# Digital hygrometers



## GlockG23 (Mar 7, 2009)

Digital hygrometer What Brand are you using?

As for me I have Western Digital III's and HygroSet II (1)


----------



## Hemingway in Havana (Feb 27, 2009)

Springfield brand from WalMart. They are cheap & are usually only off by a degree or two after calibration!


----------



## tx_tuff (Jun 16, 2007)

Hell I don't know what brand they are, but they are the white ones from Wally World. Two where off by a couple degrees, one was dead one.


----------



## azpostal (Jul 12, 2008)

I have a Springfield from WalMart and an WD 3.


----------



## jledou (Jul 18, 2008)

tx_tuff said:


> Hell I don't know what brand they are, but they are the white ones from Wally World. Two where off by a couple degrees, one was dead one.

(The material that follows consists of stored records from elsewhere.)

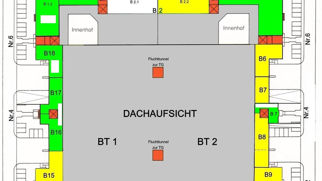 Ein nachträglicher Anbau eines Außen-Lastenaufzugs wäre nach statischer Prüfung und mit Absprache des Vermieters möglich.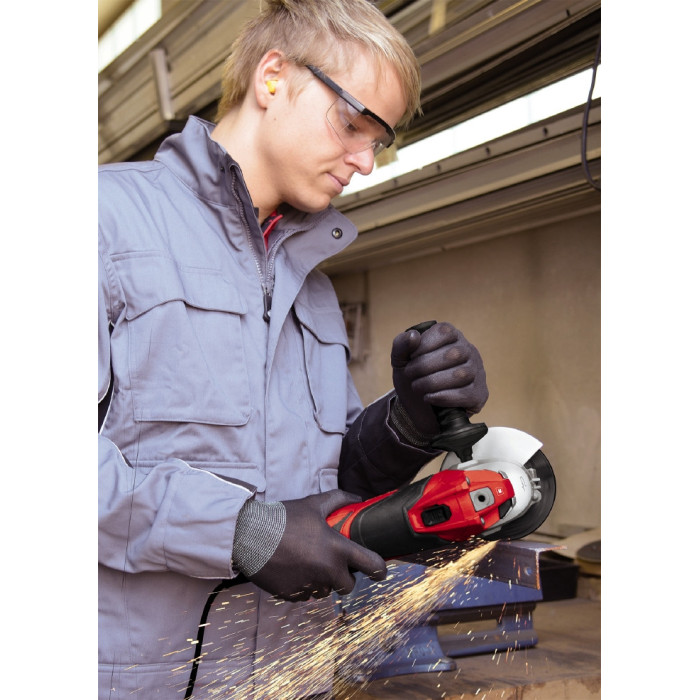 Захисний кожух швидко регулюється Блокування шпинделя для легкої зміни диска Низький рівень вібрації Плоский алюмінієвий корпус редуктора Додаткова рукоятка і основна рукоятка з м'якими накладками Додаткова рукоятка може бути встановлена в 3-х положеннях Гайковий ключ може зберігатися в додатковій ручці Кабельний затискач для кріплення кабелю Ріжучий диск не входить в комплект поставки Кутова шліфмашина TE-AG 125/750 є інструментом високої якості для фахівців з високими вимогами, чиї сильні сторони продемонстрували повною мірою на широкому спектрі різання, шліфування на робочому місці в будинку, майстерні та гаражі. Захисний кожух швидко регулюється без інструментів та може бути адаптований тільки поворотом руки до будь-якого завдання, в той час як блокування шпинделя дозволяє легко і швидко змінити диск. TE-AG 125/750 має міцний та плоский металевий корпус редуктора, який забезпечує відмінну передачу потужності і роботу з низьким рівнем вібрації. Завдяки тонкому корпусу і м'яким накладкам на основній та додатковій ручках, кутова шліфмашина пропонує дуже високий рівень зручності для користувачів. Крім того, додаткова рукоятка може бути закріплена в трьох різних положеннях для оптимальної адаптації до конкретної оброблюваної деталі, що забезпечує надійне утримання для комфортної та безпечної роботи. Гайковий ключ зберігається в додатковій ручці таким чином, щоб він завжди перебував в межах досяжності. Кабельний затискач для кріплення кабелю дозволяє зберігати TE-AG 125/750 акуратно і безпечно. Кутова шліфувальна машина поставляється без ріжучого диска.
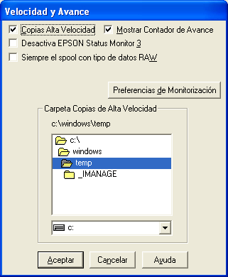 En el cuadro de diálogo Velocidad y avance, los usuarios de Windows pueden definir ciertos ajustes relativos a la velocidad de impresión. Haga clic en el botón Velocidad y avance del menú Utilidades del software de la impresora. Aparecerá el siguiente cuadro de diálogo.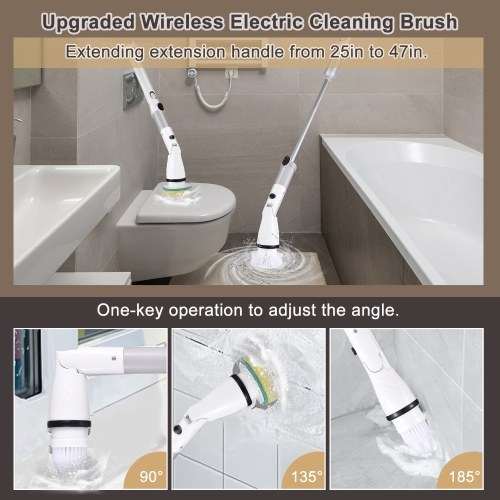 Equipped with detachable extension handle, the electric cleaning Brush can extend from 25in to 47in without bending over to clean. The angel of brush heads can be adjusted as 90°/135°/180°with one-key operation for cleaning without dead ends.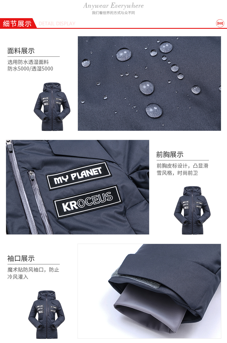 地球科学家这款羽绒服,在我看来,是DESCENTE滑雪服的改良款,版型差不多,但填充的羽绒,迪桑特的是鸭绒,地球科学家改为鹅绒。在外层面料上,使用5000防水透湿,并且耐磨的冲锋衣面料,近乎100%防雨、100%防风,还拥有良好的透气性。滑雪是比较危险的高速运动,对防水和坚固都要求很高的。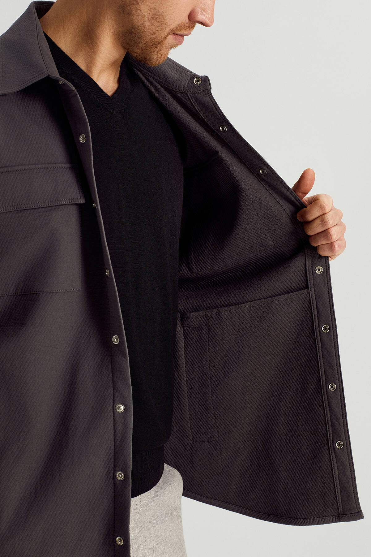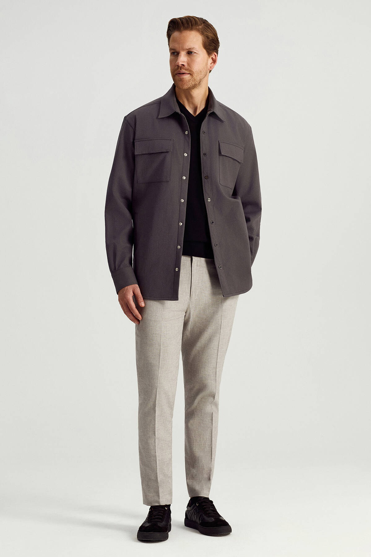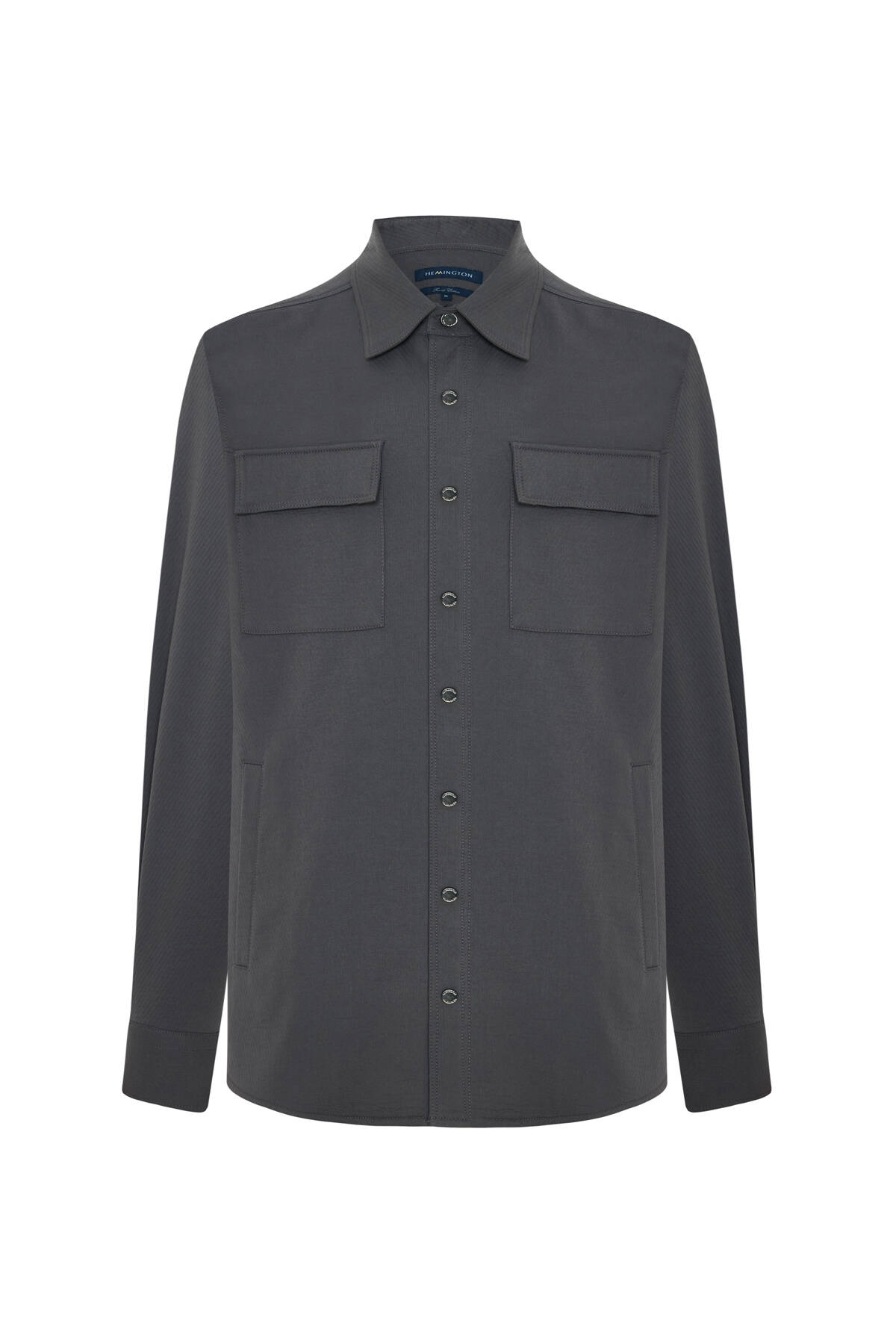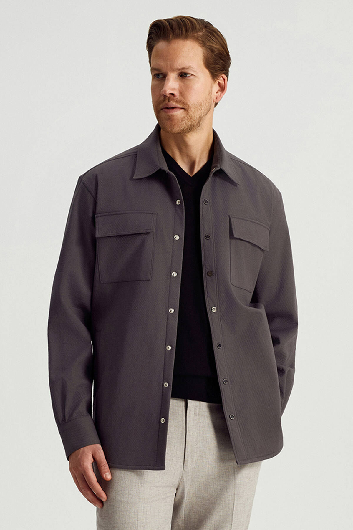 Saf Pamuk Metal Düğmeli Gri Ceket Gömlek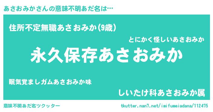| ヘコむあだ名 | 『あさおみか(笑)』『あさを』 |

:tpd: They are great for the price!


----------



## ProBe (Jan 8, 2009)

azpostal said:


> I have a Springfield from WalMart and an WD 3.


Same here.


----------



## Jack Straw (Nov 20, 2008)

I have a big one from a hardware store in my cooler which is -4%, and a hygroset II which is calibrated in my desktop.


----------



## Callaway29 (Jan 30, 2009)

I have the cigar shaped little havana. It's off 7 degrees and isn't adjustable. But it is consistant. Just requires some simple math everytime I check my RH.

Little Havana Hygrometer

C_


----------



## drake10101 (May 10, 2009)

I've got one from Walmart, and another from Radioshack. Both were cheap and accurate within 2 percent. My cheap analog hygrometer is off by about 10% though. Lately I've been dreaming of an Oregon Scientific multi-sensor system to track humidity in several sources at once.


----------



## SMOKE20 (Apr 26, 2008)

tHE Spring fields are great from wally world. picked up 2 yesterday, $12


----------



## beaglepower (Apr 18, 2009)

What section in Wal-mart can you find hygrometers? I spent all afternoon last Saturday looking for one and I couldn't find it anywhere and there isn't really anyone around to help either. The Wal-mart I go to is a zoo at most times.


----------



## slyder (Mar 17, 2009)

beaglepower said:


> What section in Wal-mart can you find hygrometers? I spent all afternoon last Saturday looking for one and I couldn't find it anywhere and there isn't really anyone around to help either. The Wal-mart I go to is a zoo at most times.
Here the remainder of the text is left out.